Risikofaktor Pensionszusage – Versorgung von GGF – Ablösung bzw. Auslagerung von Pensionszusagen

Spezialthema !

Risikofaktor Pensionszusage – Versorgung von GGF – Ablösung bzw. Auslagerung von Pensionszusagen

Als wichtige Herausforderungen ergeben sich:

  • Finanzierungsrisiko
  • Bilanz- und Kreditrisiko
  • Risiken beim Verkauf des Unternehmens
  • Insolvenzrisiko / Insolvenzrechtliche Sicherung
  • steuerrechtliche Risiken

Finanzierungsrisiko

Die Finanzierung vieler Pensionszusagen weist erhebliche Deckungslücken auf. Gründe dafür sind 1. einen niedrige Verzinsung der Rückdeckungsversicherung (RDV) 2. negative Entwicklung von Investmentanlagen 3. die steigende Lebenserwartung

Deshalb gibt es z. B. erhebliche Lücken zwischen dem Rückkaufswert einer RDV und der erforderlichen Einmalprämie an einen Versicherer zur versicherungsförmig garantierten Übernahme der Pensionsverpflichtung

Finanzierungslücke:

Finanzierungslücken

Bilanz- und Kreditrisiko

Basel II fordert eine angemessene Eigenkapitalausstattung der Kreditinstitute. das hat nun auch Auswirkungen auf die Unternehmen, da Eigenkapitalforderungen der Banken stärker als bisher vom eingegangenen Kreditrisiko abhängig gemacht werden.
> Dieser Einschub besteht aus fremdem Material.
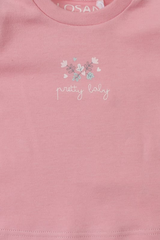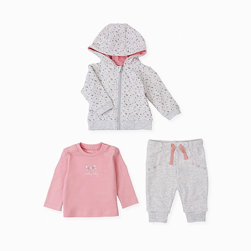 Бебешки комплект LOSAN – Бебешки комплект от три части за момиче. Мека памучна материя. Горнище с цип и качулка, едноцветна блуза с тик-так копчета на рамената. Долнище с еластична талия и връзки.
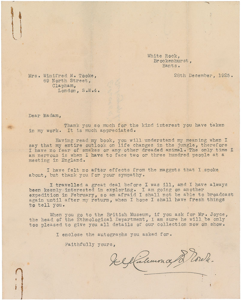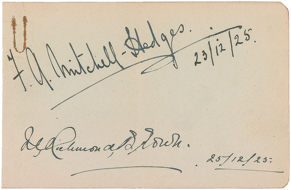 English adventurer, traveler, and writer (1882–1959) known for his discovery of the legendary ‘Crystal Skull.’ Fountain pen signature, “F. A. Mitchell-Hedges, 23/12/25,” on an off-white 6 x 4 album page, also signed by Lady Lillian Richmond Brown. A rusty paperclip mark to the upper left, otherwise fine condition. Also includes a 1925 TLS by Lady Richmond Brown, who was an early woman explorer and traveling companion of Mitchell-Hedges. Pre-certified PSA/DNA.
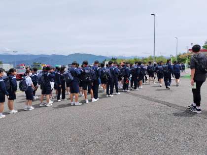 天気も良く、山が綺麗に見えています。クラス毎に昼食エリアに移動を開始しました
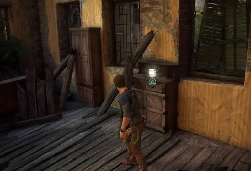 Заберитесь через единственное доступное окно. Вы выйдете на открытое пространство. Вы найдете канатную дорогу, но, похоже, она больше не работает. Бегите к Сэму, он толкает балку в сторону ямы. Вы можете использовать его, чтобы заставить Натана перепрыгнуть на другую сторону.
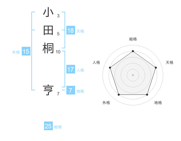 小田桐 亨さんの総格は25画の4点!
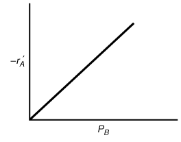 (a) Sketch as a function of PA , as a function of P B , and as a function of P C. (b) From your observations in part (a), which species would appear in the numerator of the rate expression? Which species would appear in the denominator of the rate expression? To what power is the denominator raised?
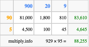 That's all there is to it! As you can see from the box above, the answer to 929 times 95 using the box method is 88,255.
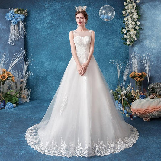 Sexy Pretty Boat Neck Lace Up Royal Dress - Train A Line Wedding Dress - Luxury Beaded Princess - Bride Gown Robe (WSO1)
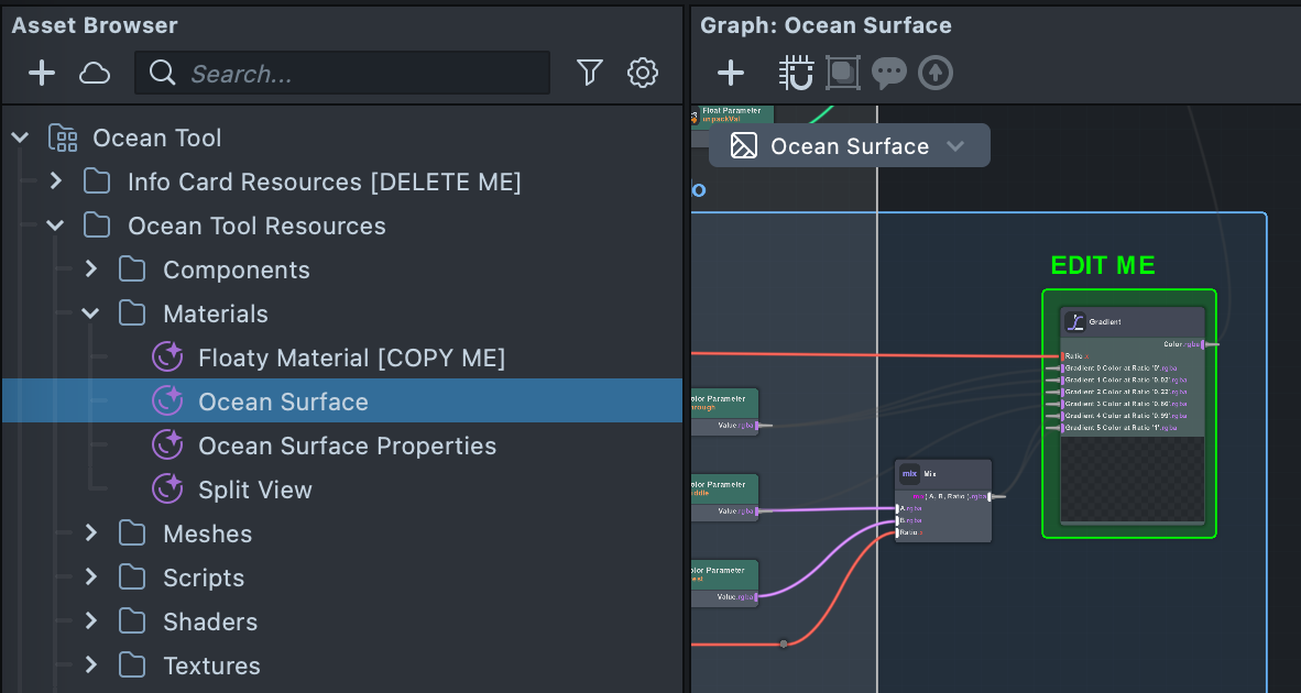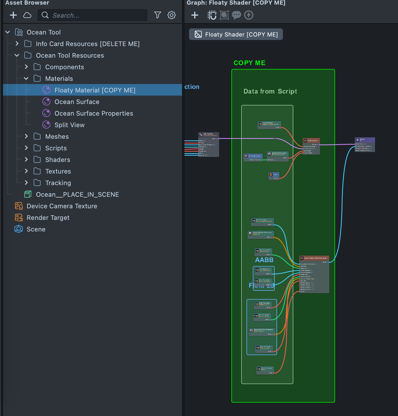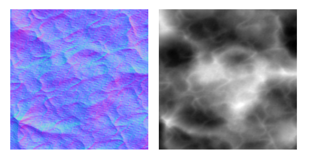 Ocean Surface Propertiesmaterial creates a noise and normal texture and draws them to theOcean NormalandOcean Heightmaprender targets. WhenTouch Inputis enabled under the Ocean Tool script, an additional fluid normal texture is also applied to theOcean Normalrender target.
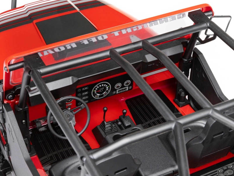 The SCX10 III Jeep CJ-7 tackles any trail with confidence, but its incredible scale detail makes Axial fans eager to turn it into their next rock-crawling masterpiece. In addition to the officially licensed Jeep CJ-7 body, this rig features officially licensed Gen-Right bumpers and body armor, a complete interior with an opening center console, a roll cage, and more. Even the wheels and tyres add to its authenticity. The wheels are officially licensed Raceline Daytona beadlocks, and the high-traction tyres are officially licensed Mickey Thompson Baja Boss treads.
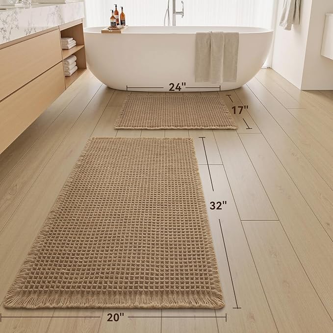 Upgraded Waffle Bath Mat Set of 2, Super Absorbent Non Slip Bath Mats for Bathroom Floor, Machine Washable Boho Bathroom Rugs Set 2 Piece with Tassels, Soft Bathroom Mat Set, 17" x 24" +20" x 32"
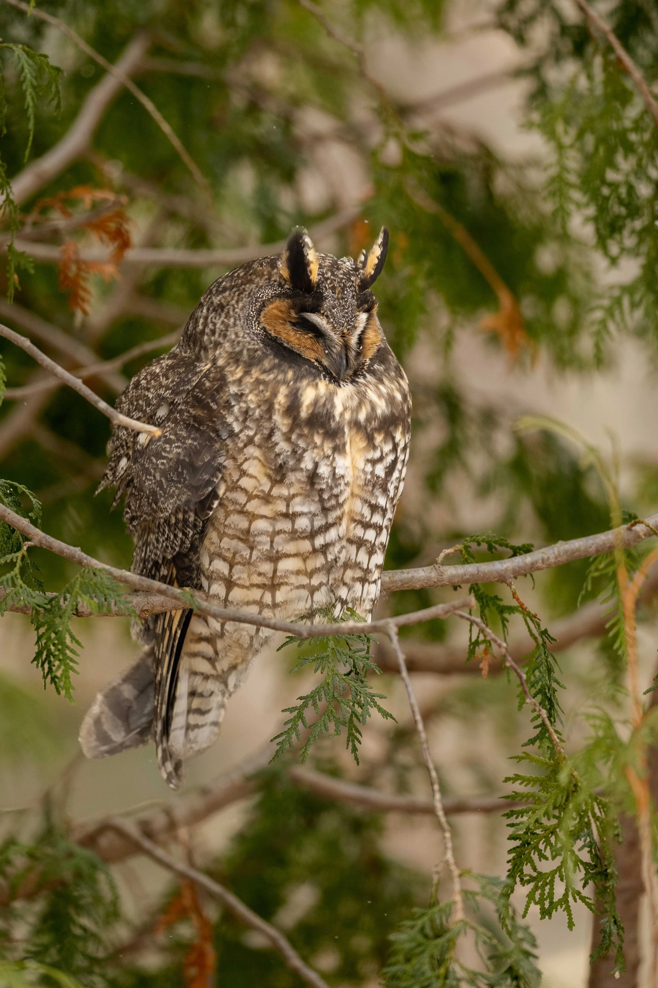 This owl season started out like previous ones with Barred Owls (Strix varia) and the rather predictable Long-eared Owls (Asio otus). Both are very cool and fun to see. Barred owls are interesting, as they are not fully nocturnal and will often hunt during the day. The barred owl is also one of my favourites and has a “true” owl hoot that is pretty amazing to hear.
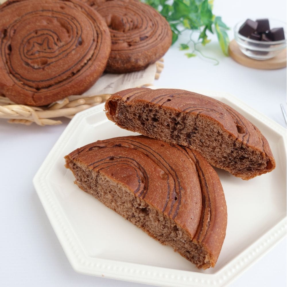 パネトーネ種使用の生地にココアパウダーを練りこみ、さらにチョコレートペーストを折り込んだデニッシュです。
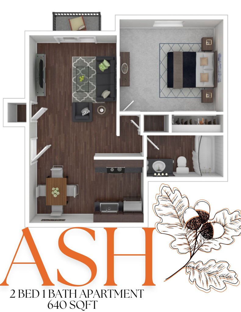 Price Availability Date Unit Sq Ft From $828 Available Now ASH 640 sq ft Model Amenities and Features
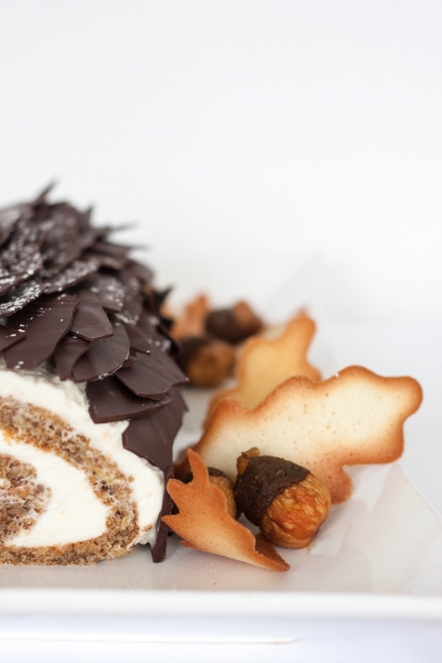 Reserve 1 ½ cups mascarpone filling. Unroll cake and spread remaining filling on top, leaving a ½-inch border on all sides. Carefully reroll cake (without towel). Arrange, seam-side down, on a plate or a platter. Using a serrated knife, trim end of log. Spread reserved filling over log. Working quickly, arrange chocolate bark all over log, overlapping pieces slightly. Refrigerate until firm, at least 1 hour. Garnish with acorns and leaves, if desired; dust with confectioners' sugar before serving.
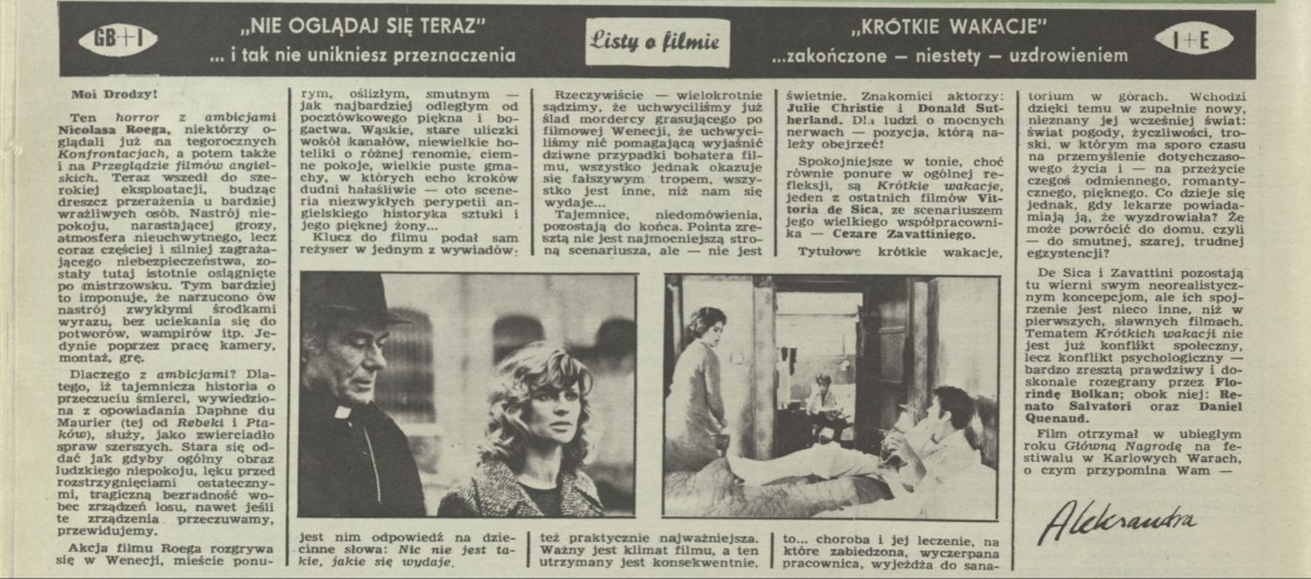 Archiwum / Listy o filmie nr 1584 (33/1975) 3/7 Podziel się Tytuł Nie oglądaj się teraz i Krótkie wakacje Autor Aleksandra Rubryka Listy o filmie Artykuł z numeru 1584 (33/1975) Data wydania 17 sierpnia 1975 Tagi film kinematografia repertuar recenzja nowości aktorzy gwiazdy
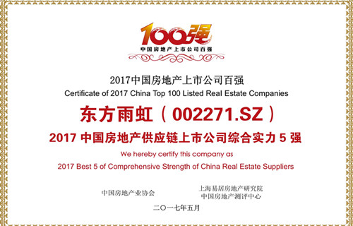 5月25日,“2017中國房地產(chǎn)上市公司測(cè)評(píng)成果發(fā)布會(huì)暨上市房企高峰論壇”在香港舉行。會(huì)上,中國房地產(chǎn)業(yè)協(xié)會(huì)、中國房地產(chǎn)測(cè)評(píng)中心發(fā)布了《2017中國房地產(chǎn)上市公司測(cè)評(píng)研究報(bào)告》。根據(jù)報(bào)告,東方雨虹獲評(píng)“2017中國房地產(chǎn)供應(yīng)鏈上市公司綜合實(shí)力5強(qiáng)”。
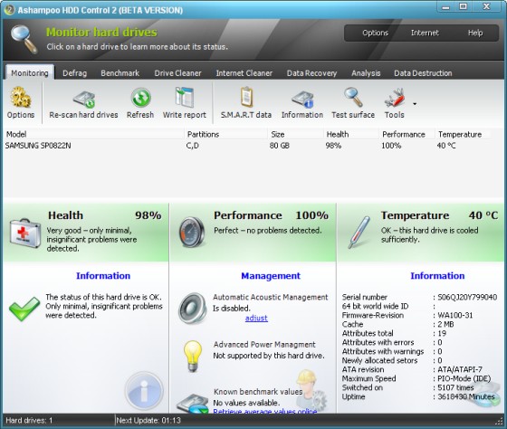 Ashampoo HDD Control - программное обеспечение для контроля за состоянием жестких дисков. Выполняет обслуживание жесткого диска для Вас. Позволяет предотвратить потенциальные отказы и аварии прежде, чем они произойдут. Программное обеспечение поддерживает жёсткие диски типа IDE и последовательные ATA. Ashampoo HDD Control предоставляет пользователю все важные факты и информацию о дисководе, включая регистрационный номер, версию БИОСА (прошивки), размер кэша, количество разделов, на которые разбит хард, свободном месте на диске и текущей температуре.
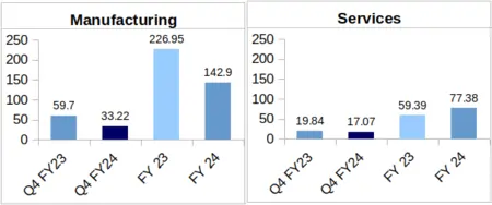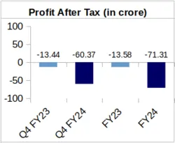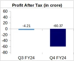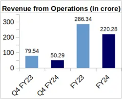 Services: During Q4 of FY-24, the company reported Rs. 17.07 crore as its revenue from this segment. This is 13.96% lower than the company’s Services revenue for Q4 of FY-23 which stood at Rs. 19.84 crore.
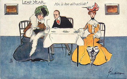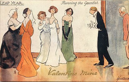 this card comes with Tuck number error as 639. man approaches a bevy of five females, comes opt. in gilt VALENTINE MINE or FOND GREETINGS
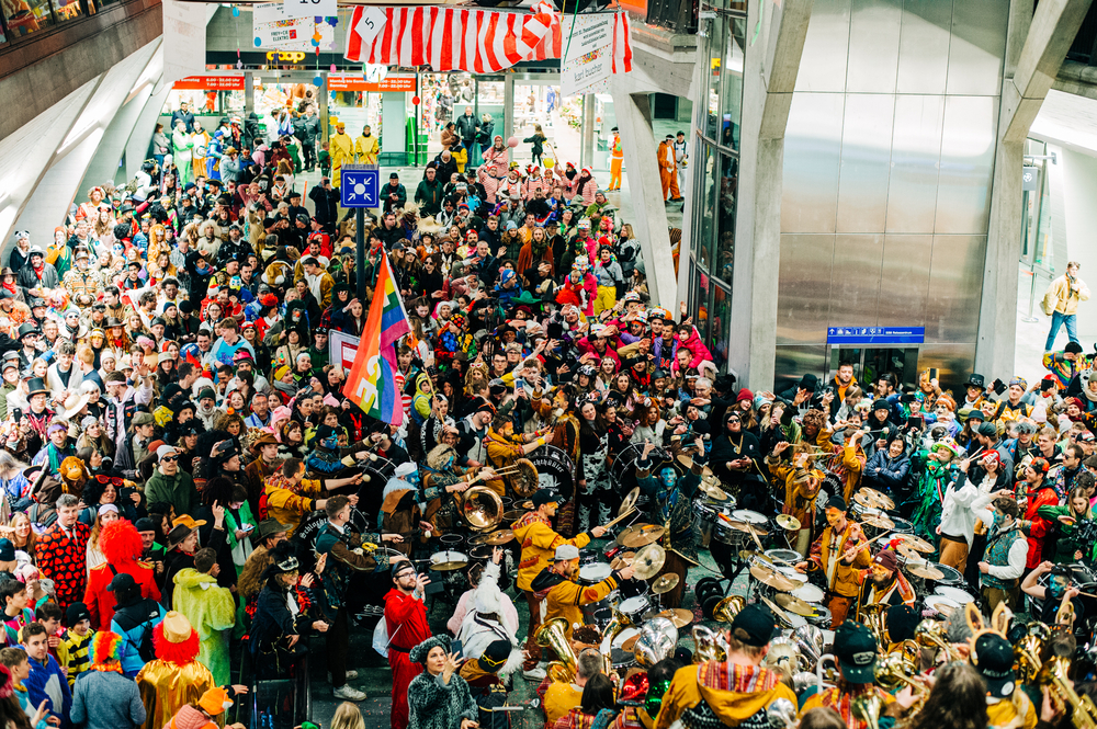 Ab id Stadt! Wie schön es doch war, wieder auf der Rauthaustreppe oder im Bahnhof aufspielen zu dürfen. Zusammen mit den Schlochthüülern konnten wir zwei weitere tollen Auftritte erleben und dieses Projekt fulminant abschliessen. Danach ging es zum vereinsinternen Abendessen im Pacifico.
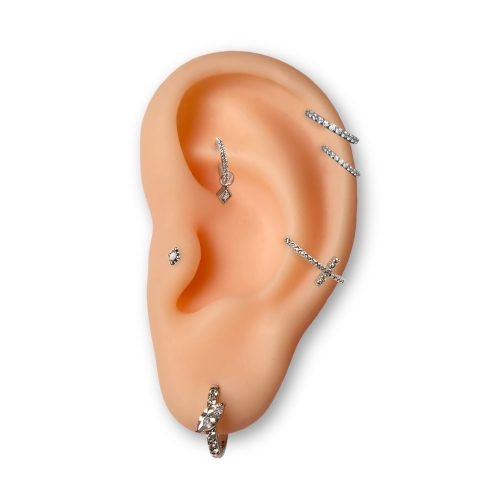 - Para piercing de oreja: lóbulo y hélix.
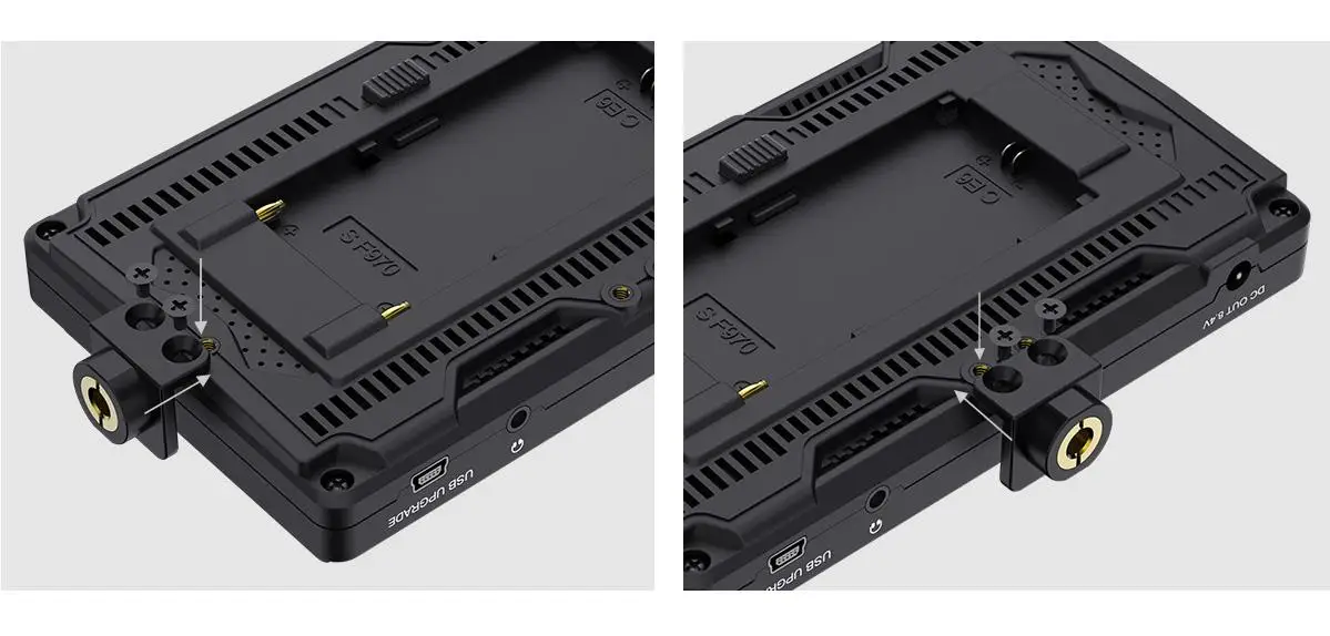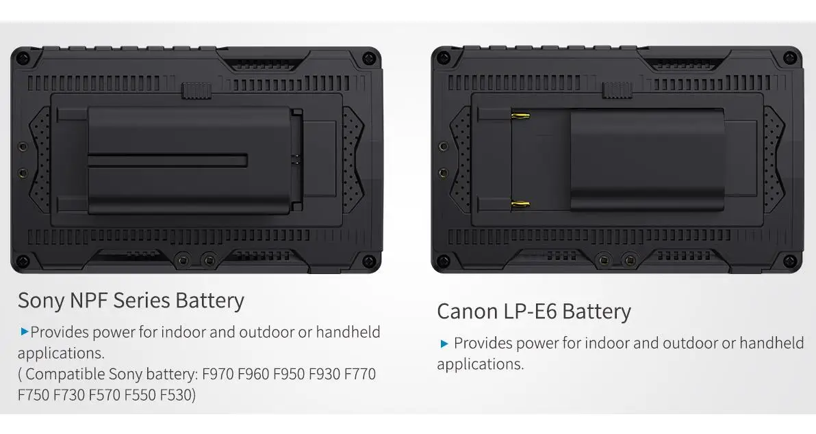 Compatibilidad con baterías de litio Sony F970 y Canon LP-E6 para una placa de batería.Proporciona condiciones de trabajo prolongadas para los camareros en aplicaciones de disparo.
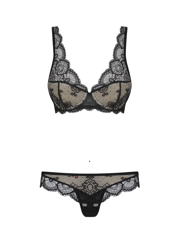Фантастический комплект 853 от европейского производителя Obsessive. Мягкий кружевной бюстгальтер с широкими бретелями, плавно переходящими в чашечки с дополнительной бежевой подкладкой. Сзади бретели регулируются по длине. Кружевные стригни с бежевой подкадкой в передней части.
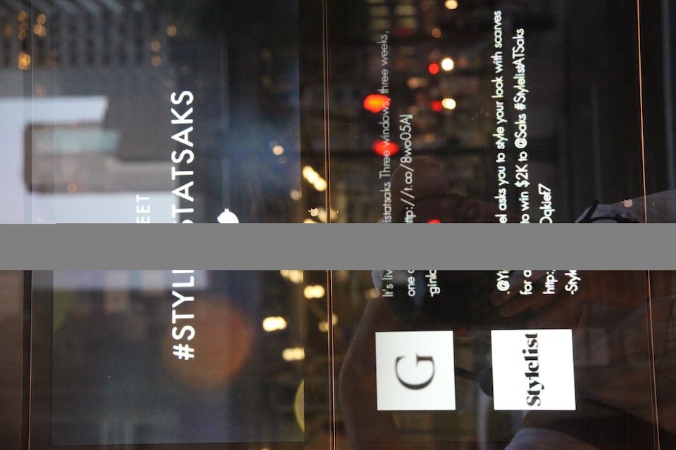 To commemorate the redesign of Stylelist.com, AOL commissioned Gin Lan to create this amazing display at Sak’s Fifth Avenue store featuring 64 iPad 2s, flanked on both sides by nine 27-inch Apple cinema displays… all streaming live content from Stylelist’s site and its official Twitter feed.
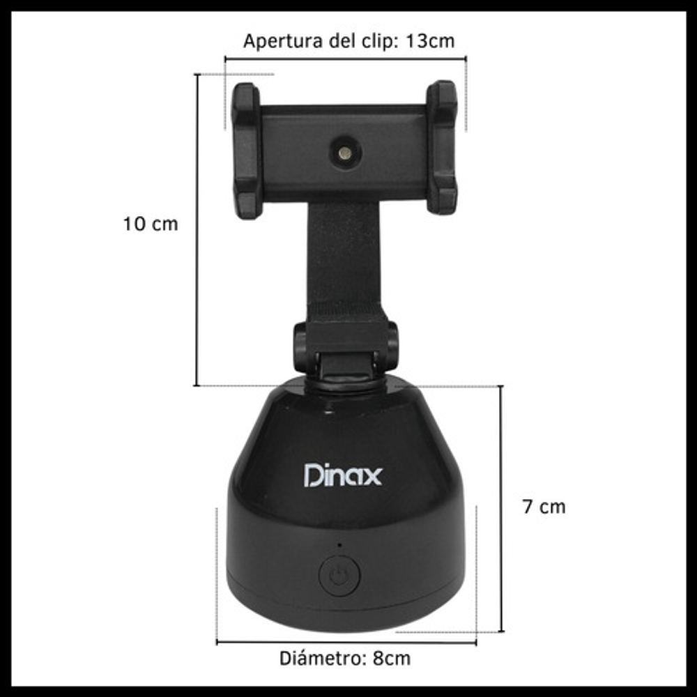 Características: • Sistema de seguimiento facial inteligente para mantener el enfoque en el rostro mientras se mueve. • Base del trípode con capacidad de rotación completa. • Uso en posición vertical u horizontal. • Incluye cable USB para carga.
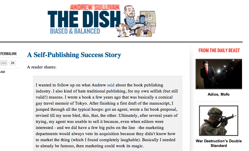 Wow, this is really quite something. I've been reading Andrew Sullivan's blog religiously for about 5 years, ever since he became the only conservative voice out there who wasn't a completely delusional nutbag. In fact, he's one of the most clear-thinking and intellectually honest writers I've ever encountered. Anyway, one of the great things about his blog is that, though it's heavily weighted towards politics, it also covers a lot of other great topics that are out there--among them religion vs. atheism, marijuana use among MANY Americans, scientific debates, and, most importantly, the Pet Shop Boys. It's all there. And one of his pet topics is how much he loathes the publishing industry. He did a video response last week to a reader who asked why he hates the publishing industry so much, which was fun. I wrote a letter to him and his team in response and yesterday they ran the letter and, even though I didn't mention the name of the book in my letter (I dropped big clues, but I didn't want to be too unseemly--it's bad to dress like a pimp when you're pimpin'), they actually found the book on Amazon and included hyperlinks for folks to buy it OMG!

Pensionsrückstellungen werden dabei als Fremdkapital mit ihrem realistischen Wert berücksichtigt. Dies führt zu verschlechterten Kreditkonditionen aufgrund des schlechteren Ratings infolge des erhöhten Kreditrisikos.

Durch Auslagerungen von Pensionszusagen verbessert. Damit lässt sich das Kreditrisiko mindern.

Risiken beim Verkauf des Unternehmens

Nur wenige Käufer eines Unternehmens sind verständlicherweise bereit, ungewisse Verbindlichkeiten zu übernehmen. Die Finanzierungsbelastung einer PZ ist ungewiss, da sie von unvorhersehbaren biometrischen (z. B. Langlebigkeit) Risiken abhängt.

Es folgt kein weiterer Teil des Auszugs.